In matched filter-based time-domain data processing methods, the energy supplied within a specified frequency band during a predefined time is condensed into a narrow time duration, rather than being spread out among individual frequency components, as is the case with frequency domain analysis. These matched filter-based time-domain approaches, which include pulse-compression based correlation coefficient and time domain phase analysis, have shown promising results for defect detection when compared to the classical post processing approaches. The time domain phase and pulse compression based correlation co-efficient methods have been investigated to find their potential in detecting the defects.
The matched filter-based approach discussed in this context involves correlation-based post-processing data analysis. It offers several advantages, such as being resistant to multiplicative noises that can occur during experimentation from factors like inconsistent illumination and variations in emissivity over the sample surface. Also, it is robust against additive noise introduced during the detection process as well as thermal noise.
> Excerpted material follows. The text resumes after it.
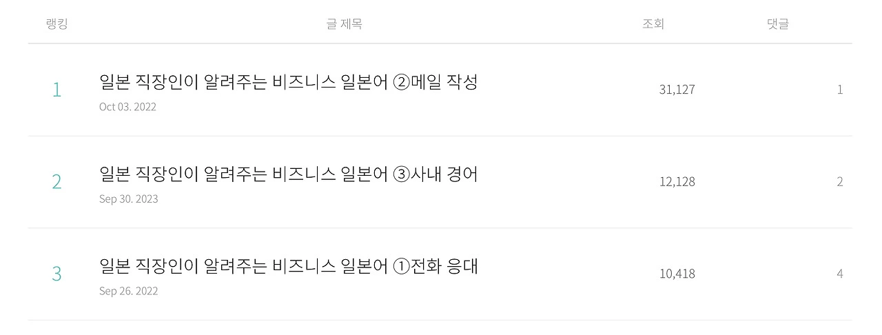 지금껏 브런치에는 50여 편의 글을 올렸는데, 가장 많은 조회수를 기록한 글 1위부터 3위까지는 모두 ‘일본 직장인이 알려주는 비즈니스 일본어 시리즈’다. 새삼 일본어에 관심 있는 사람이 많다는 걸 실감했다.

3. Results and Discussions

Experiments using LT, PPT, and FMTWI have been conducted on a Carbon Fibre Reinforced Polymer (CFRP) test specimen with blind holes as shown in Figure 6(a), to investigate the defect detection capabilities of commonly used active infrared imaging techniques and their associated post-processing approaches. Further, the frequency (phase) and time domain (correlation coefficient and phase) based post-processing schemes have been adopted. PT has been performed by using two halogen lamps each 2 KW peak power with a duration of 12 s. Moreover, post-processing strategies based on the frequency and time domain (phase and correlation coefficient) have been implemented. PT has been performed by using two halogen lamps each 2 KW peak power with a duration of 12 s. The temporal temperature distribution is performed for 100 s using a capturing frequency of 20 Hz. In contrast, LT and FMTWI were performed for 100 s using a 0.05 Hz modulation frequency and a 0.01 Hz to 0.1 Hz sweep frequency, respectively, while maintaining the same capturing frequency (20 Hz) as PPT. Two 1 KW peak power halogen bulbs have been used to achieve this. The acquired zero mean experimental thermal responses have further been subjected to frequency domain (stack of phase image sequence) and time-domain based data processing (stack of correlation coefficient and phase image sequence). Reconstructed stacks of thermograms using the suggested frequency and time domain data processing techniques are displayed in Figure 7, Figure 8, Figure 9, Figure 10, Figure 11, Figure 12, Figure 13, Figure 14 and Figure 15. Experiments for the LT (Figure 7, Figure 8 and Figure 9), PPT (Figure 10, Figure 11 and Figure 12), and FMTWI (Figure 13, Figure 14 and Figure 15) were used to gather the results.
The analysis of thermal stacks reconstructed from the lock-in thermographic (LT) results reveals several noteworthy observations such as the time domain phase images (Figure 8) show the better spatial thermal contrast than that of the widely used frequency domain phase approach Figure 7). Further it is clear from the thermal images reconstructed from the correlation coefficient (Figure 9) approach on LT data at different cross-sectional areas failed to provide enough contrast to visualize the blind holes. This is due to the sinusoidal thermal excitation of LT, as shown in Figure 9(c). Furthermore, it can be shown from the thermal pictures of stacks that were reconstructed for various cross-sectional views from the obtained PPT thermographic data that the time domain phase images (Figure 11) have better spatial thermal contrast than the frequency domain phase method (Figure 10), which is often employed. Additionally, it is evident from the thermal stacks that were rebuilt using the correlation coefficient method (Figure 12) and PPT data at various cross-sectional regions that insufficient contrast was provided to enable the visualization of the blind holes. This is due to the pulsed thermal excitation of PPT, which is not a pulse compression favourable excitation scheme. However, compared to the traditional frequency domain phase techniques (Figure 13), the processed data of FMTWI with correlation-based data processing shows superior depth as well as spatial resolvability (Figure 15). Nevertheless, the obtained stack from the time domain phase images still provides better spatial contrast to detect the hidden sub-surface defects as shown in Figure 14.

4. Conclusions

This discussion has focused on the application of widely used thermal imaging modalities (LT, PPT, and FMTWI) and their associated post-processing methods for non-destructive testing and evaluation of Carbon Fiber Reinforced Polymer (CFRP) specimens containing blind holes as defects. Also, the superior sub-surface anomaly visualization capabilities offered by phase images retrieved from the time-domain analysis over conventional obtained phase images from the frequency-domain based analysis has been highlighted in the results. It also emphasizes that the best defect identification is achieved with a correlation coefficient-based post-processing approach, which is suitable for excitation schemes that benefit from pulse compression (such frequency-modulated incoming heat flux over the sample). This method provides improved depth resolvability together with enhanced spatial contrast, making it a useful tool for detecting flaws in CFRP specimens.

Consent for publication

All the authors of this manuscript provided their consent to the publisher to publish the work.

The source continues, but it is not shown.